Months ago, the merry band of 11th-grade Wildcats submitted their Social Security numbers for Secret Service background checks. On Thursday they finally gained entry; many portraits, porticos and protesters later, they described their presidential day-in-the-life.
"I see it as living history, being able to experience the past and the current," said Kevin Nguyen, 16. "It's a really big eye-opener for me."
But Nunez, Nguyen and their friends are among the last to hit the presidential library, State Dining Room and impeccable North Lawn. For a while, at least.
According to a recorded message from the White House visitors office, tours are canceled "until further notice" starting Saturday.
"Unfortunately," a female voice said, "we will not be able to reschedule affected tours."
Administration officials blame across-the-board budget cuts known as sequestration.
"The president and the first lady have throughout the time that they've been here made extraordinary efforts to make this the people's house," White House press secretary Jay Carney said Thursday. "It is extremely unfortunate that we have the kind of situation like the sequester."
Tourists must request tickets from members of their congressional delegations. U.S. Rep. Chuck Fleischmann's office said Chattanooga's congressman already has told three groups they won't be able to tour the White House next week. A total of 484 3rd Congressional District residents have asked for tours in March, spokesman Tyler Threadgill said.
"It's a shame President [Barack] Obama has chosen to try and save tax dollars by robbing East Tennesseans of an opportunity to see the White House," Threadgill said. "If visitors from the 3rd District would like to see the United States Capitol, Congressman Fleischmann and his staff will be more than happy to accommodate."
It's not entirely clear how money will be saved by eliminating tours.
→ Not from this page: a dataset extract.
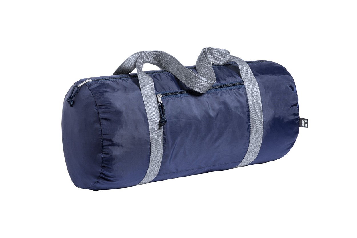 Geantă sport RPET cu compartiment cu fermoar si buzunar frontal. Poliester 290T RPET, cu etichetă distinctă RPET.

According to an ABC News report, tour costs mostly stem from security -- a point confirmed by Hixson students.
"If you dropped something," Nunez said after the tour, "they were all over you."
The Secret Service told ABC News it takes about 37 officers to secure White House visits. The total savings from eliminating tours is $74,000 a week, Secret Service officials said.
But multiple news reports said the Secret Service won't be furloughing or laying anyone off. Officers instead will be reassigned to other posts, including the Eisenhower Executive Office Building.
Students and teachers sympathized with future tour groups.
"It hurts freedom of access," said Suzanne Rushworth, a Hixson history teacher and the trip's lead supervisor. "Touring the president's home is a demonstration of democracy and freedom."